S3(Simple Storage Services)
AWS S3 stands for Simple Storage Service, S3 is a managed storage service provided by AWS to store contents i.e Files, Audio,Video, Images in the form of objects into buckets(So Bucket is nothing it’s a kind of container for storing the Objects) created in S3.
S3 allows users to upload and download any type of objects from S3 bucket up to maximum 5 TB in size.The user has control over the accessibility of data, i.e. public/private based on your requirements.
Note:
- There is no size of the bucket, it’s a limitless, but there is a limit of an object while you store into bucket i.e. Maximum 5 TB of size on an object.
- By default we can create up to 100 buckets per account, but based on the need we can increase the logging support ticket from AWS support center.
- S3 Bucket names must be unique globally for all AWS accounts but still we need to choose Region because in which Region we want to store the data for fast access for users of AWS-S3.
- S3 Durability of Object retention is 99.999999999% in S3 Buckets.
Features Of S3
- Low Cost
- Scalable
- High Performance
- Secure
How to create a bucket in S3?
Step 1: Now go to your aws console and click on services and then go to S3.

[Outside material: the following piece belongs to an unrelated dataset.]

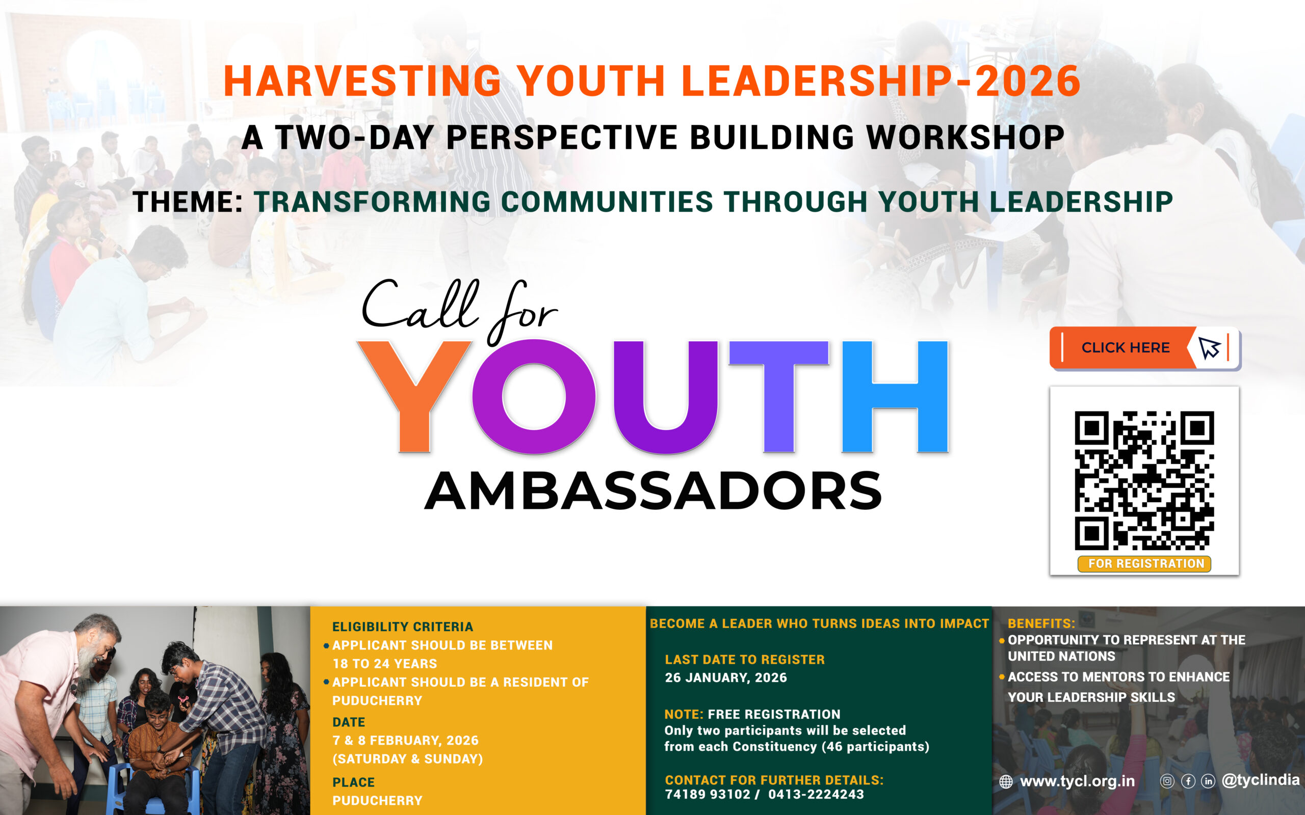 Ready to lead change? Join Harvesting Youth Leadership 2026, a powerful two-day workshop on February 7–8 for young people in Puducherry aged 18–24. You will learn to solve community problems, build leadership skills, and receive expert mentorship to turn your ideas into action. This is your chance to become a “Youth Ambassador” for your area and earn an official certificate. Don’t wait—applications close on January 25, 2026. Register now and start your journey as a changemaker!

Step 2: Click over create bucket and provide a name for your s3 bucket and remember that your bucket name should be unique. Because it could be possible that any other user might also be having a similar bucket name as yours either in your account or another’s account, it means S3 bucket name must be globally unique. Click on create bucket
After that bucket will be successfully created and will show in the bucket list.

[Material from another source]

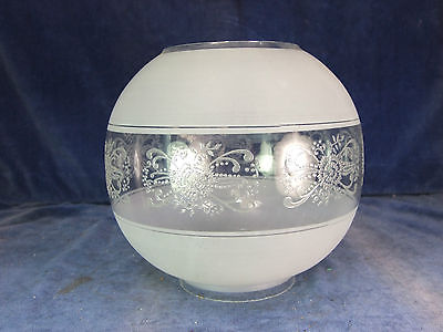 Vintage Frosted & Etched Shade For Oil Lamp - Early 20th C [5691]

The purpose of the AWS region here while creating s3 bucket is that suppose you are having your ec2 instance created in us-east-1b region so to fetch the data quickly with less latency you should create your s3 bucket in that region itself.
Upload content to S3 Bucket
Step 1: Click on your s3 bucket
Step 2: Click on upload option
Step 3: Browse for the contents that you want to upload in your s3 bucket and click on upload
Step 4: Once you uploaded your content then you can go-ahead and validate your content into S3 Bucket.
Here are some additional features provided by the AWS-S3 given as below:
FEATURES:
- Host Static Website Using S3 Bucket
- Versioning
Step 1: Go to your s3 bucket and click over properties.
Step 2: Click on Static website hosting and select the first option i.e. use this bucket to host your website.
Step 3: In index document on the top screen, provide the file name i.e. index.html and click on save
NOTE:- To make sure your Bucket and its contents should be public so that website can be accessed from outside i.e. from the internet:
Step 1: Go to your s3 bucket
Step 2: Select the item that you want to make public
Step 3: Go to the Actions tab and click on Make Public
Finally, your content will be public
To make your S3 bucket public
Step 1: Go to your S3 bucket
Step 2: Go to your permissions option
Step 3: Go to block public access/p>
Step 4: Click on edit on right side and uncheck all the options and click on save
REMEMBER:- YOUR BUCKET SHOULD HAVE AN INDEX.HTML OR ANY HTML FILE WHICH YOU WANT TO OPEN AFTER CLICKING ON THE URL PROVIDED BY THE S3-STATIC BUCKET. SO ONCE YOU CLICK ON THE URL IT WILL OPEN SAME FILE.
Step 5: Copy the Endpoint url mentioned in blue text in static website hosting
Step 6: Paste that particular endpoint in your browser and see your website content
It is also an important feature of S3 that keeps records of all of your changes and contents in your s3 bucket. If somehow you update the content in your S3 bucket you can get the old one using versioning.
To enable versioning in S3 bucket
Step 1: Go to properties option of your s3 bucket
Step 2: Select versioning from there
Step 3: Click on enable versioning and click on save
Lifecycle Policy In S3 Bucket
We can use lifecycle policies to define actions that we want Amazon S3 to take during an object’s lifetime, we can define a lifecycle policy for all objects or some of objects in the bucket by using a shared prefix name which means names starting with a common string.
To create a lifecycle policy:-
Step 1: Go to your s3 bucket and move to management option
Step 2: Click on Lifecycle
Step 3: Click on Add a lifecycle rule
Step 4: Provide a name for your lifecycle rule
Step 1: Select scope of the lifecycle rule: all objects with a specific prefix name or tag or all the objects in the bucket.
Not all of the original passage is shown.